Calling on these moral reserves and against long odds, Greeks repelled Italian aggression at the outset of World War II.  It was a point of honor to Eleni, our guide, that Greece fended off the Facist thugs of Germany and Italy longer than France did.  Thus delaying the Nazi’s invasion of Russia.  And which Hitler himself blamed for the German army being turned back, catastrophically, at the gates of Moscow in December of 1941 by the Russian winter.

Greece, in other words, is no stranger to invasion and tough times.  I discussed this with Dean.  “Perhaps things aren’t as bad as they appear in Greece. And even Europe.  They’ve done it before.  Perhaps they can turn back the invading hordes from the Muslim world again this time.”

“But,” he replied, “things might be different this time.”

The Serpent Column Today.

To put a contemporary “twist” on the Serpent Column, let’s imagine that the column represents not unified Greek city states, but a tripod of faith, the economy, and the government.  So, how are the legs holding up some 2500 years later?

I’m no expert on the Orthodox church.  But I do know that early on, as a result of Paul’s missionary journeys, the Hellenic world of the eastern Mediterranean was where Christianity first took root-and spread like wild fire.  Greek was also the language of the New Testament.

interior of greek orthodox church

The ornate, beautiful interior of one of the many small Greek Orthodox chapels scattered throughout the country.

But when I asked our guide, Eleni, about the current spiritual health of her national church, her answer was telling.  “It played an important role in helping our nation survive the 400 year occupation by the Ottomans.  But now,” she continued, “not so much.  Most homes, like ours, have a shrine to a favorite saint that we light candles to on festival days.  But the churches are largely empty.”

The second leg of the economy?  I’ve talked about that.  And, as you have no doubt heard, the picture isn’t pretty.

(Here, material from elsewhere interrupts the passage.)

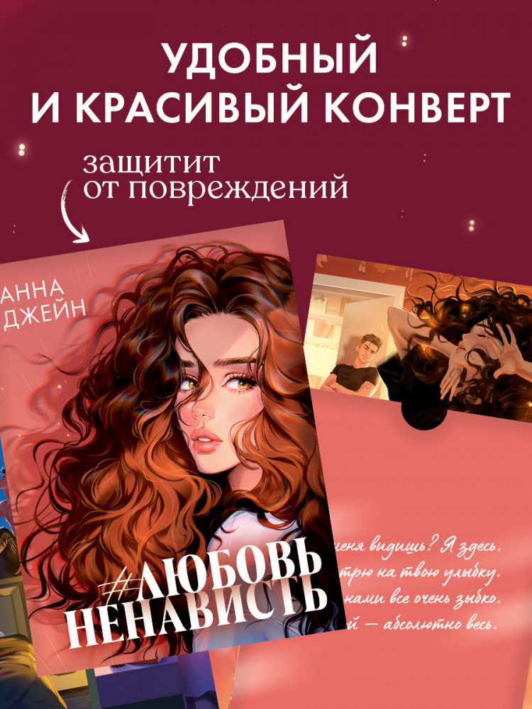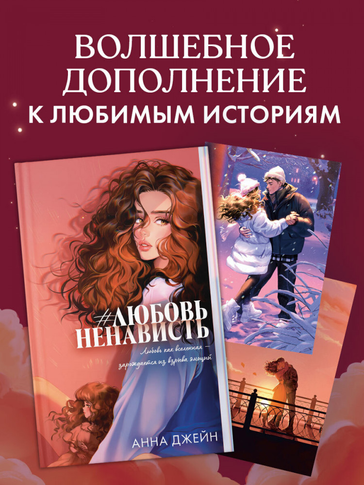 В данный момент этот товар отсутствует в продаже. Возможно, у нас найдется аналогичный или похожий товар здесь. Серия: #Trendbooks_special «Любовь как вселенная. Зарождается из взрыва эмоций». Идеальный подарок поклонникам творчества королевы Young Adult и прекрасное дополнение к культовой дилогии — изящные открытки с самыми романтическими сценами из книги Анны Джейн «#ЛюбовьНенависть». Непревзойденная Карина Яшагина выбрала 15 самых запоминающихся, важных и романтических сцен из первой части истории. Вы увидите портреты главных героев, их шалости в детстве и юности, ссоры, примирение и, конечно, почувствуете любовь, которая пылает в их сердцах.

But the economic picture is probably made even uglier since Greece joined the European Union in 2001.   By becoming a member, Greece surrendered its ability to control its own currency, the drachma.  Thus, when the financial crisis of 2007 clobbered the economy, Greece was incapable of devaluing its currency-a commonly used response to an economic depression that attempts to jump start the economy by making exports less expensive for customers in other countries.  But with EU bureaucrats in Brussels calling the shots in Athens, no such luck.

And the government?  Well, let’s leave it at this:  even if the government is rock solid, when you kick out two legs of a three legged stool, you’re not left with much.  And that’s not even counting the scars left by the savage civil war of 1946-1949 and the military coup of 1967-1974.

 A Resilience We Don’t Understand?

One of the books on our “required reading” list for us Roads Scholars was Modern Greece:    What Everyone Needs To Know by Yale historian and professor Stathis Kalyvas.  A Greek himself, Kalyvas admits to being, on occasion, puzzled by the resilience his nation has displayed time and again in the face of invasion, economic collapse, and civil strife.

So, what can you say?  Perhaps the Greeks are just too hard headed to know when they’re licked.  Can the same be said, more broadly, of Western Civilization?  One can only hope.